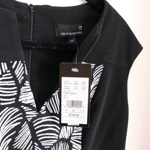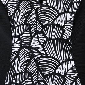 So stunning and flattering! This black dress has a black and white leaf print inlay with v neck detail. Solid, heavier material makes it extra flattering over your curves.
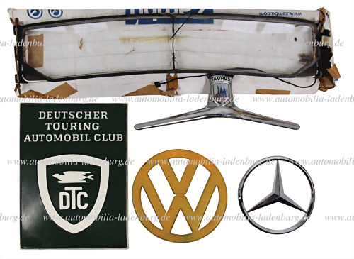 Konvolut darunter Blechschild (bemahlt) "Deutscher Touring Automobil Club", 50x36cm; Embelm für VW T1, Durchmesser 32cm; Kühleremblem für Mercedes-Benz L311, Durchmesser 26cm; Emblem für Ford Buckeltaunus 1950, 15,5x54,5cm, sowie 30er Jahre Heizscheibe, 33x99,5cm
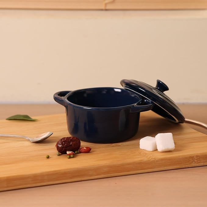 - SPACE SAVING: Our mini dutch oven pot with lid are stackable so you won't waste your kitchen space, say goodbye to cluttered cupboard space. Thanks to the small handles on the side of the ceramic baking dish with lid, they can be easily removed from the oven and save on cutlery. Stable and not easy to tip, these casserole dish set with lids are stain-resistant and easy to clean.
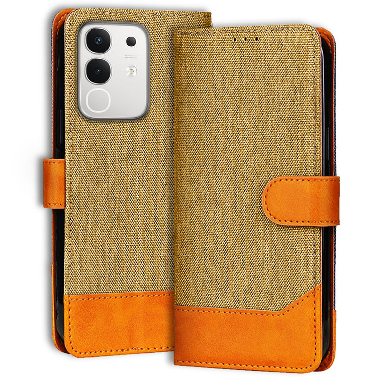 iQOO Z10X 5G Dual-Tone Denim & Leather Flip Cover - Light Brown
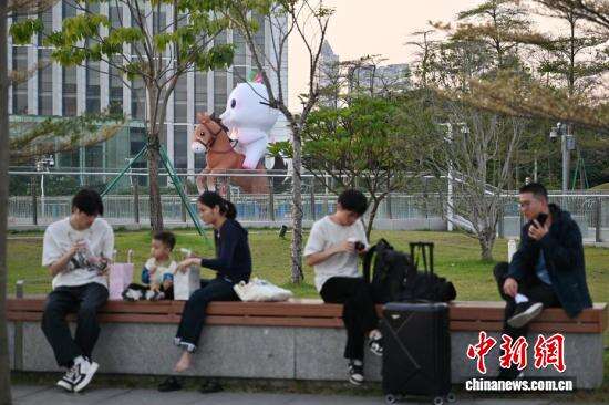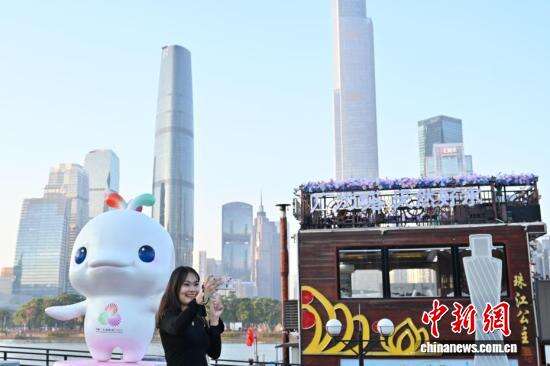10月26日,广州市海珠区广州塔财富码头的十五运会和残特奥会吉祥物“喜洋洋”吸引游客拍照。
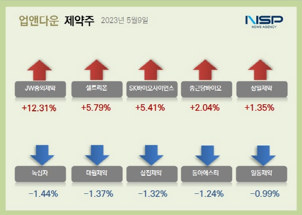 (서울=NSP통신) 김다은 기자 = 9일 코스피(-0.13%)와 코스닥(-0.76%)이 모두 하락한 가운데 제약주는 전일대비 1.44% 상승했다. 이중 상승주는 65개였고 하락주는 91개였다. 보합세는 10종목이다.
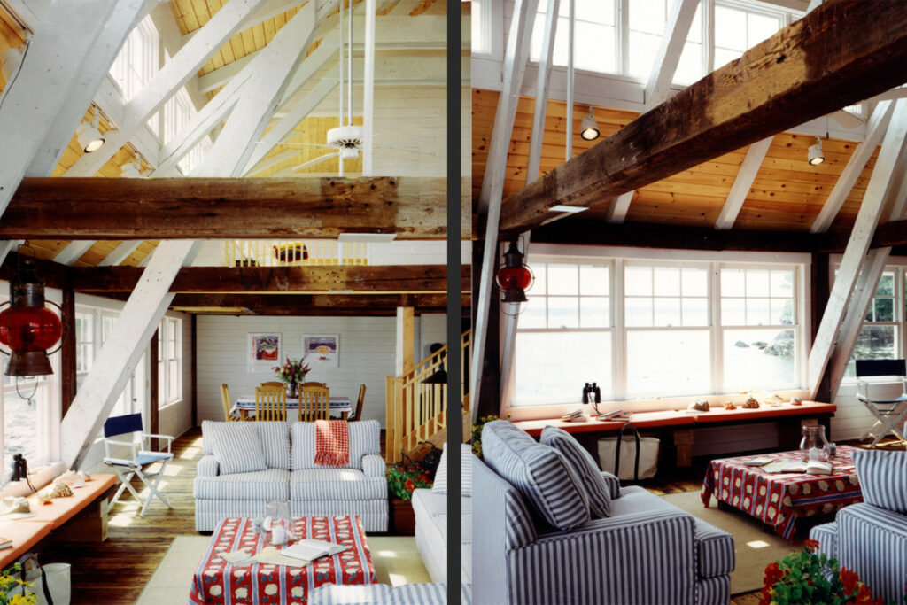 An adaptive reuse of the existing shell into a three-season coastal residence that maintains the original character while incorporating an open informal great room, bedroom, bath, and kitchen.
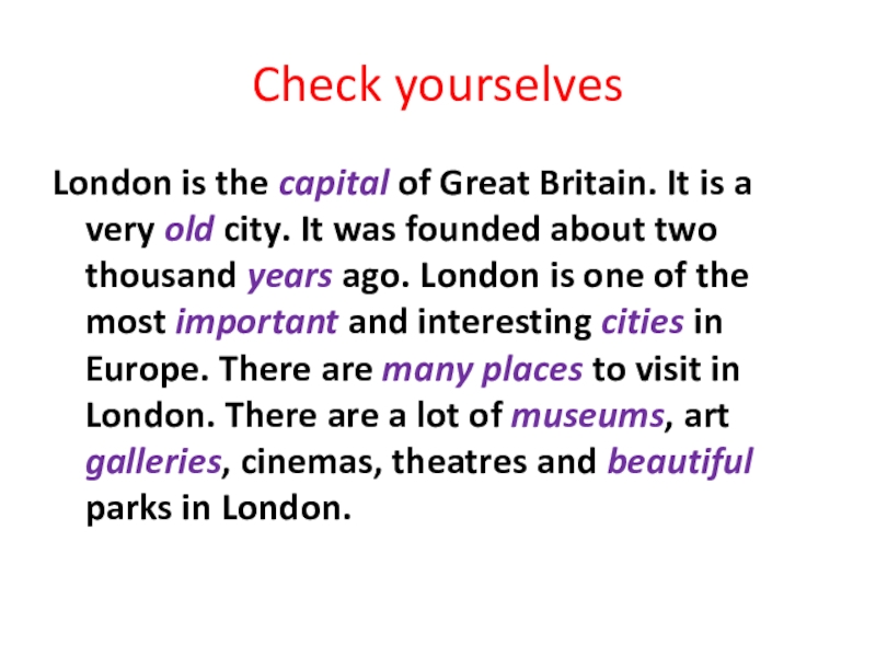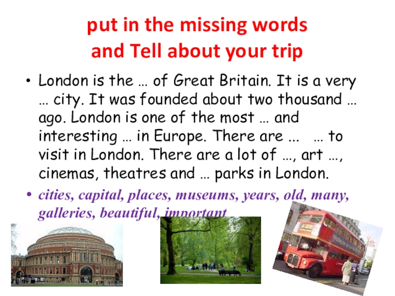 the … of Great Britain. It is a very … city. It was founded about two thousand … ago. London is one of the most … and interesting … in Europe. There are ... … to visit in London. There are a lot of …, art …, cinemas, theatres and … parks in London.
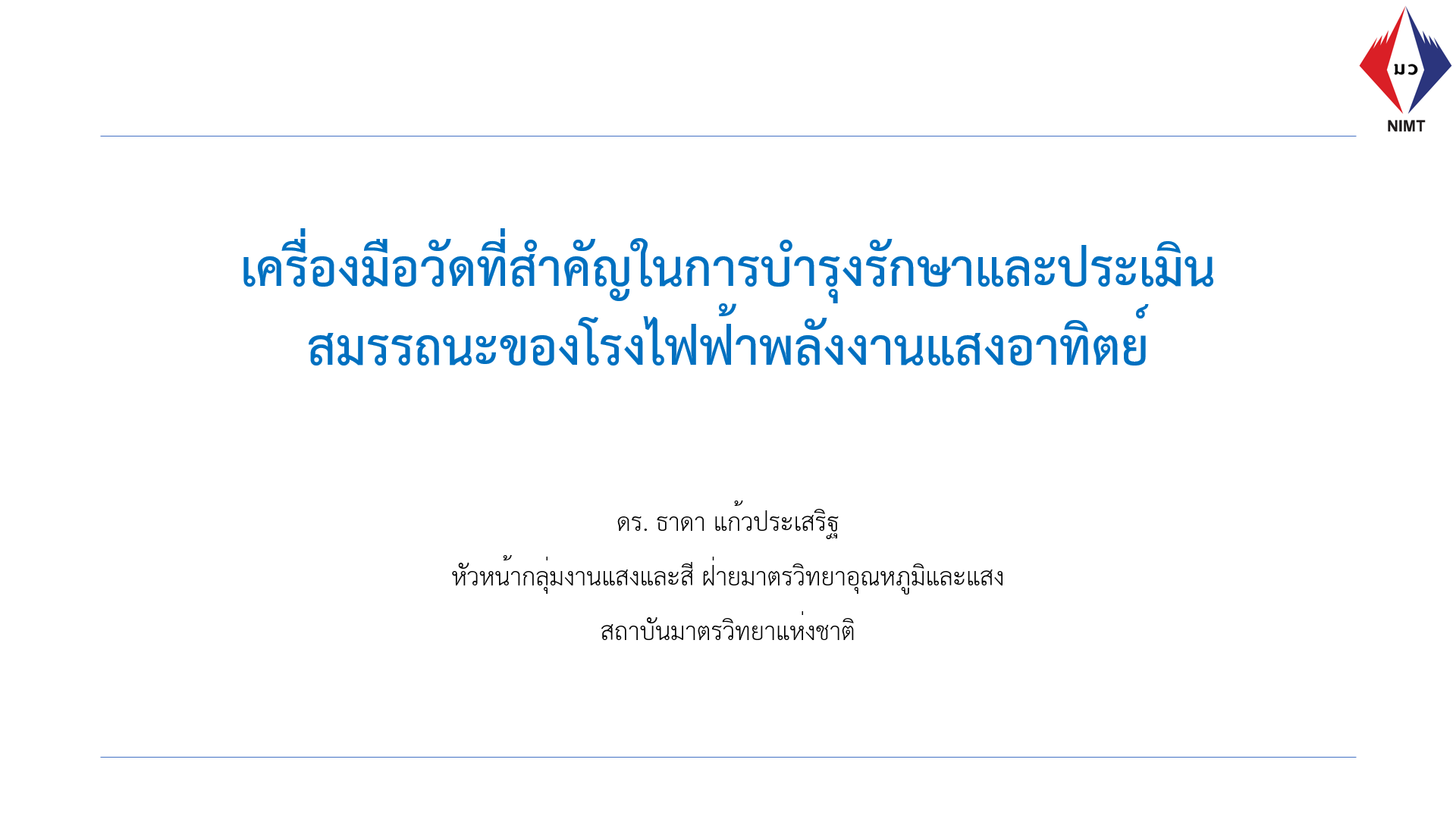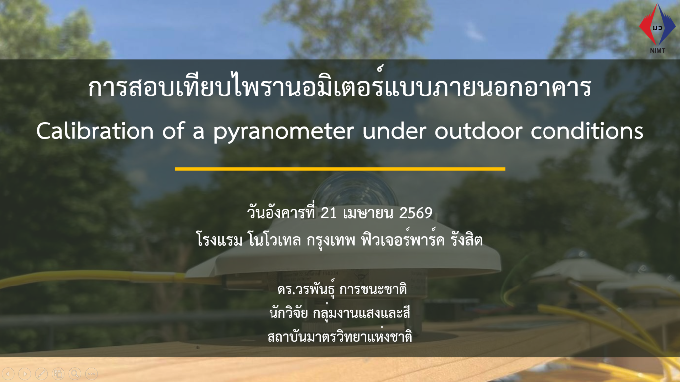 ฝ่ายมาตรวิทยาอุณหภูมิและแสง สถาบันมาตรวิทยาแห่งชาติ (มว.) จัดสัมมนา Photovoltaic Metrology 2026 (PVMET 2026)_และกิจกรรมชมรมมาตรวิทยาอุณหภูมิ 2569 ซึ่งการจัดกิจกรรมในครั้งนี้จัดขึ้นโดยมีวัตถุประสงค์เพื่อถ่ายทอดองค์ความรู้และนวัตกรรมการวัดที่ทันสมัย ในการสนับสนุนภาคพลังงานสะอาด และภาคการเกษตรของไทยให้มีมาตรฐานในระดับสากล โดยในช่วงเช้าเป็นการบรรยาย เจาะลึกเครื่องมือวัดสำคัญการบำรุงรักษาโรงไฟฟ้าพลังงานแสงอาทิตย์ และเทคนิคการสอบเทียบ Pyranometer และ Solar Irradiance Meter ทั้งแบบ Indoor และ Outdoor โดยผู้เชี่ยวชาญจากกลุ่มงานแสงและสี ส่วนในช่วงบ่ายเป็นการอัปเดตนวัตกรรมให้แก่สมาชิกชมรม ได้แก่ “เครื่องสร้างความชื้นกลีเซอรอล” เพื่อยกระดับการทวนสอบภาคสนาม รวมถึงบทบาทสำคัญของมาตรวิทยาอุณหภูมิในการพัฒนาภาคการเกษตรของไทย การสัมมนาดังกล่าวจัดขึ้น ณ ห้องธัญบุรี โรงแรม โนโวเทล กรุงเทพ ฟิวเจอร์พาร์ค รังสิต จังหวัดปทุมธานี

_ _ _

— PROBLEM DETAILS —
A word-for-word copy of the records is needed, one that contains no pictures.

— SOLUTION TO THE EXERCISE —
 So stunning and flattering! This black dress has a black and white leaf print inlay with v neck detail. Solid, heavier material makes it extra flattering over your curves.
 Konvolut darunter Blechschild (bemahlt) "Deutscher Touring Automobil Club", 50x36cm; Embelm für VW T1, Durchmesser 32cm; Kühleremblem für Mercedes-Benz L311, Durchmesser 26cm; Emblem für Ford Buckeltaunus 1950, 15,5x54,5cm, sowie 30er Jahre Heizscheibe, 33x99,5cm
 - SPACE SAVING: Our mini dutch oven pot with lid are stackable so you won't waste your kitchen space, say goodbye to cluttered cupboard space. Thanks to the small handles on the side of the ceramic baking dish with lid, they can be easily removed from the oven and save on cutlery. Stable and not easy to tip, these casserole dish set with lids are stain-resistant and easy to clean.
 iQOO Z10X 5G Dual-Tone Denim & Leather Flip Cover - Light Brown
10月26日,广州市海珠区广州塔财富码头的十五运会和残特奥会吉祥物“喜洋洋”吸引游客拍照。
 (서울=NSP통신) 김다은 기자 = 9일 코스피(-0.13%)와 코스닥(-0.76%)이 모두 하락한 가운데 제약주는 전일대비 1.44% 상승했다. 이중 상승주는 65개였고 하락주는 91개였다. 보합세는 10종목이다.
 An adaptive reuse of the existing shell into a three-season coastal residence that maintains the original character while incorporating an open informal great room, bedroom, bath, and kitchen.
 the … of Great Britain. It is a very … city. It was founded about two thousand … ago. London is one of the most … and interesting … in Europe. There are ... … to visit in London. There are a lot of …, art …, cinemas, theatres and … parks in London.
 ฝ่ายมาตรวิทยาอุณหภูมิและแสง สถาบันมาตรวิทยาแห่งชาติ (มว.) จัดสัมมนา Photovoltaic Metrology 2026 (PVMET 2026)_และกิจกรรมชมรมมาตรวิทยาอุณหภูมิ 2569 ซึ่งการจัดกิจกรรมในครั้งนี้จัดขึ้นโดยมีวัตถุประสงค์เพื่อถ่ายทอดองค์ความรู้และนวัตกรรมการวัดที่ทันสมัย ในการสนับสนุนภาคพลังงานสะอาด และภาคการเกษตรของไทยให้มีมาตรฐานในระดับสากล โดยในช่วงเช้าเป็นการบรรยาย เจาะลึกเครื่องมือวัดสำคัญการบำรุงรักษาโรงไฟฟ้าพลังงานแสงอาทิตย์ และเทคนิคการสอบเทียบ Pyranometer และ Solar Irradiance Meter ทั้งแบบ Indoor และ Outdoor โดยผู้เชี่ยวชาญจากกลุ่มงานแสงและสี ส่วนในช่วงบ่ายเป็นการอัปเดตนวัตกรรมให้แก่สมาชิกชมรม ได้แก่ “เครื่องสร้างความชื้นกลีเซอรอล” เพื่อยกระดับการทวนสอบภาคสนาม รวมถึงบทบาทสำคัญของมาตรวิทยาอุณหภูมิในการพัฒนาภาคการเกษตรของไทย การสัมมนาดังกล่าวจัดขึ้น ณ ห้องธัญบุรี โรงแรม โนโวเทล กรุงเทพ ฟิวเจอร์พาร์ค รังสิต จังหวัดปทุมธานี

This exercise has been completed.